It costs to buy
grain in Flagstaff, or Phoenix, and pay freight on it to Apex, and then
haul it to the head of the trail, and thence to the stables on the plateau
near the mine.
Hay, too, has to come just as far. Every pound of the
provisions used by the men has to be hauled in similar fashion over
railroad, wagon road and canyon trail. Every pick, shovel, piece of iron or
woodwork, every pound of powder, dynamite and fuse, every box of candles
has to pay toll in like fashion, before it can be used in the mine. So we
are not surprised to learn that the ore is rich, the first thousand tons
mined going as high as thirty percent in copper, with several ounces of
silver to the ton, and small but appreciable and valuable traces of gold.
(At the time of this writing, the mines are temporarily shut down.)
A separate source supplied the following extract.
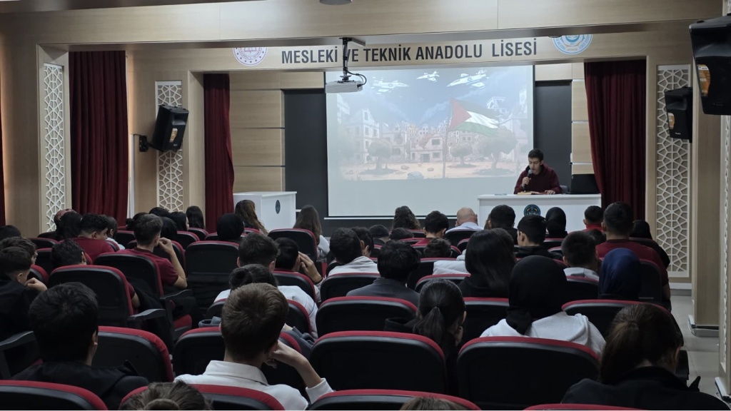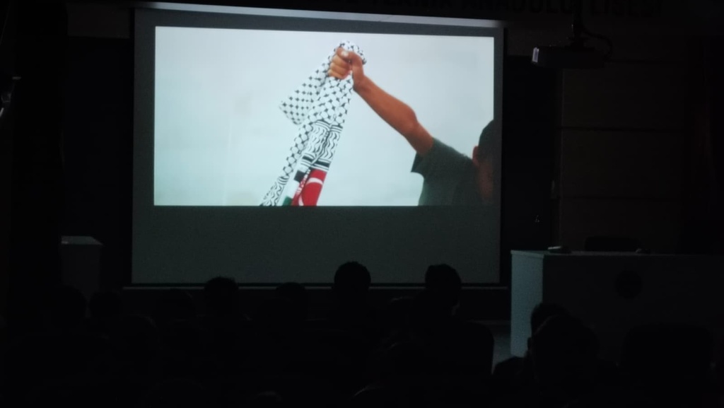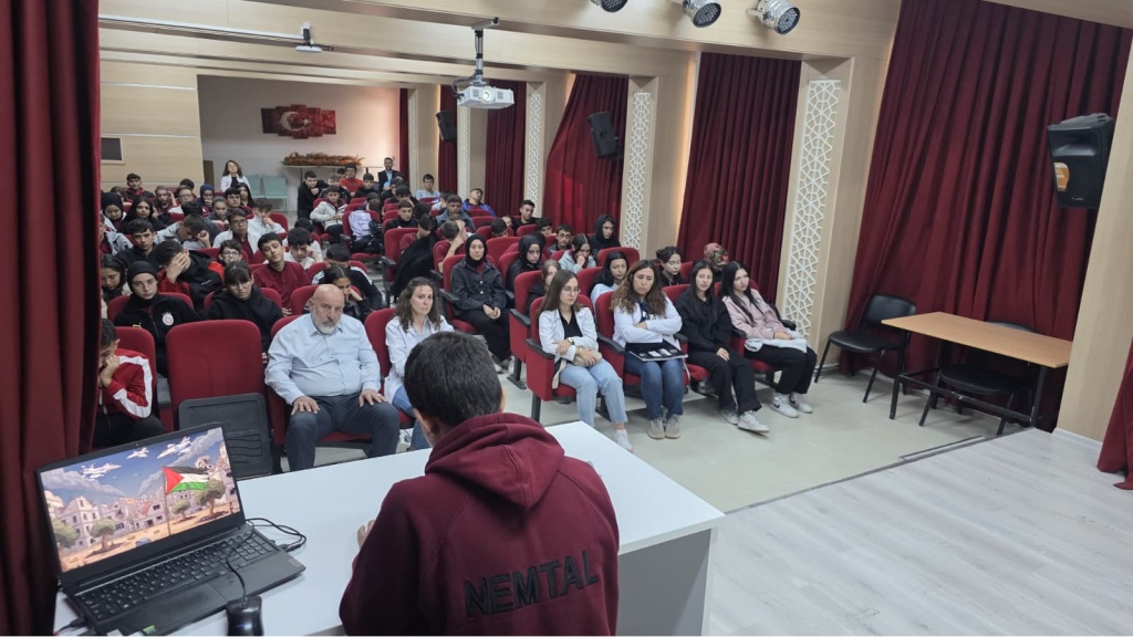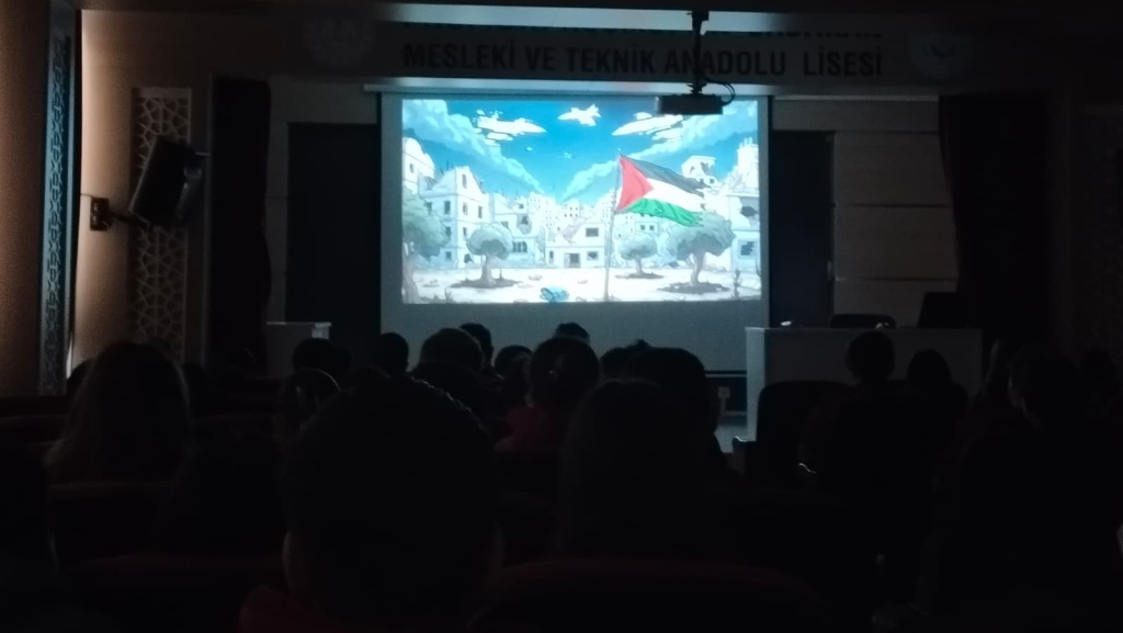 ''Nehirden Denize Özgür Filistin!'' temalı etkinliğimiz kapsamında öğrencilerimiz terörist ve işgalci israilin yaptığı soykırımın boyutlarını izledikleri sinevizyon gösterimi ile daha derin kavrayarak Gazze'de terörist devlet tarafından üzerlerine her gün bombalar yağdıralırak, açlığa terk edilerek, gönderilen yardımların önü kesilerek öldürülen çocukların acılarına şahit oldular. Ve hep birlikte haykırdık: Nehirden Denize Özgür Filistin! Sinevizyon gösterimi sonrası tüm Filistin'de soykırım sonucu şehit olan kardeşlerimizin ruhuna okulumuz öğrencileri tarafından Kur'an-ı Kerim tilaveti ile dualar edildi.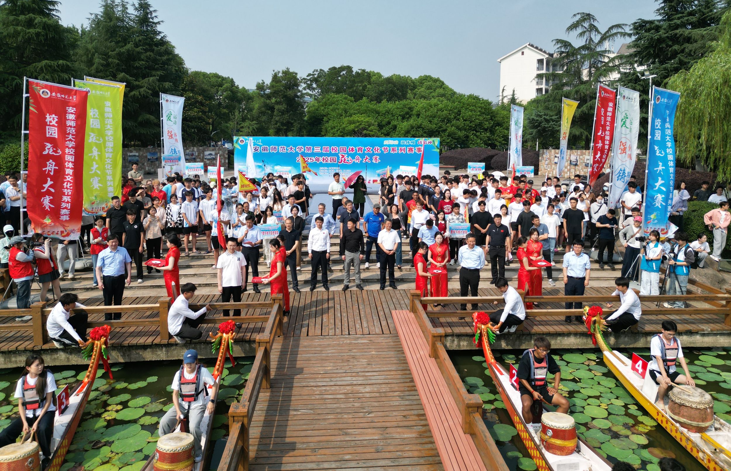 碧波荡漾,号子铿锵。5月25日,安徽师范大学2025年校园龙舟大赛在花津校区花津湖火热开赛。比赛以学院为单位,来自全校19个学院的20支队伍共计280名运动员同场参与混合组12人龙舟200米直道赛竞速,共同领略龙舟文化的独特魅力。

To the Old Hance Trail. The mouth of the mine enters the face of the cliff
to the east, and overlooks the trail down which we descend into Hance
Creek, where the old Hance Trail to the river used to be. It is an old
friend, for we have been down it more times than once, and can recall every
feature. We rest awhile here, in order to go down to the place where the
side canyon through which the creek flows "narrows up." We pass through,
and on the other side stand before the shattered Tonto sandstones that
Thomas Moran, years ago, named the Temple of Set, and even further on,
where we used to leave the horses and climb down a boulder, and up the face
of the cliff, and down the rope ladder over the archaean rocks - here a
crystalline mica schist - and so on, all the way to the river.